Along the banks of the Wangapeka River in Tasman, a new hop variety named after the grower’s love of beer and music is being commercially released after more than a decade of research and development.
The Bioeconomy Science Institute and thecountry’s biggest hop grower, Clayton Hops, have spent the last five years getting the new variety, NZ Rhapzody, ready for commercial use.
Glen Clayton runs Clayton Hops with his two brothers.
He said they planted around 120 plants in a trial block several years ago, as part of a joint initiative called the Clayton Innovation Project.
The Rhapzody variety has been trialled by brewers in China, Canada and Australia and was getting good reviews.
“We’ve put the whole different array of beer styles from lagers to pilsners through to big IPAs, and it has been through a rigorous set of testing there, and it has really come up trumps, it has picked out really well, and in our view has outperformed some of the other NZ grown hops,” he said.

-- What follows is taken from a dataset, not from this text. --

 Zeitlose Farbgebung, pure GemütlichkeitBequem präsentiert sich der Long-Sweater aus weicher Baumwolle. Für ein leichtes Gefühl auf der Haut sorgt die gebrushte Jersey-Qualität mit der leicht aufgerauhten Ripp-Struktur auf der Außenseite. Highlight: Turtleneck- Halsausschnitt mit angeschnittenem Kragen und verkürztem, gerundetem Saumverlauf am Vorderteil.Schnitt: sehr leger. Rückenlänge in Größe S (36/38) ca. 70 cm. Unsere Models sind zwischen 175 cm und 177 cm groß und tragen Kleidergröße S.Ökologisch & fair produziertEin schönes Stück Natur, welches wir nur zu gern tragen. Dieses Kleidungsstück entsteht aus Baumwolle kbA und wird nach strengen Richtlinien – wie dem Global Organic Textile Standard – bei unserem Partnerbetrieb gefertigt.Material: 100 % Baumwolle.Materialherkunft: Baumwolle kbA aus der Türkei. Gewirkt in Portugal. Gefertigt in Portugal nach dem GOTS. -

“Brewers are saying that it really brings something quite different than what they are used to in a NZ hop, but still that massive tropical mango, pineapple, even stonefruit and pink grapefruit.”
Clayton said the new variety had a good yield and was late to harvest, and they had since planted more Rhapzody across each of their four farms.

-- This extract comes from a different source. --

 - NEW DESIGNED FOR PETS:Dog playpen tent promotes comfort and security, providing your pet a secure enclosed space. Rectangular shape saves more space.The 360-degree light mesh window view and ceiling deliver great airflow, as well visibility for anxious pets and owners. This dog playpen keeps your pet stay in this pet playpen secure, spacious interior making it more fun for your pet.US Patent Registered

“Agronomically, it means we can leave these until late, and we can harvest all our other varieties beforehand, which is really important when you have a big piece of infrastructure that does the processing, so it’s really important to have hops that fit outside existing harvest windows.”
The name Rhapzody was coined by Brian Clayton and came from the team’s shared love of music and beer.
“We expect to get meaningful volume into the market over the next couple of years, and current demand suggests there’s appetite and room for that.”
Bioeconomy Science Institute hop breeder Kerry Templeton, who worked from the Motueka research centre, said the new variety was first created in 2014 and had shown promise from around 2019.
Glen Clayton of Clayton Hops. Photo / RNZ, Samantha Gee
“We have a little pilot brewery and do small two or three-litre batches, and every time it’s been through the brewery, it produced stunning beer.
“It really takes five or six years to even get to the point where you go, oh that hop has got some potential, then once you have that, you get it out into a grower trial, and you have another five years getting real data in the location where it is going to be grown.”
He said brewers in the craft beer industry were always on the lookout for new and different hop varieties, and breeders aimed to replace some of the lower value hops at certain points during the harvest window with higher value hops that had different flavours.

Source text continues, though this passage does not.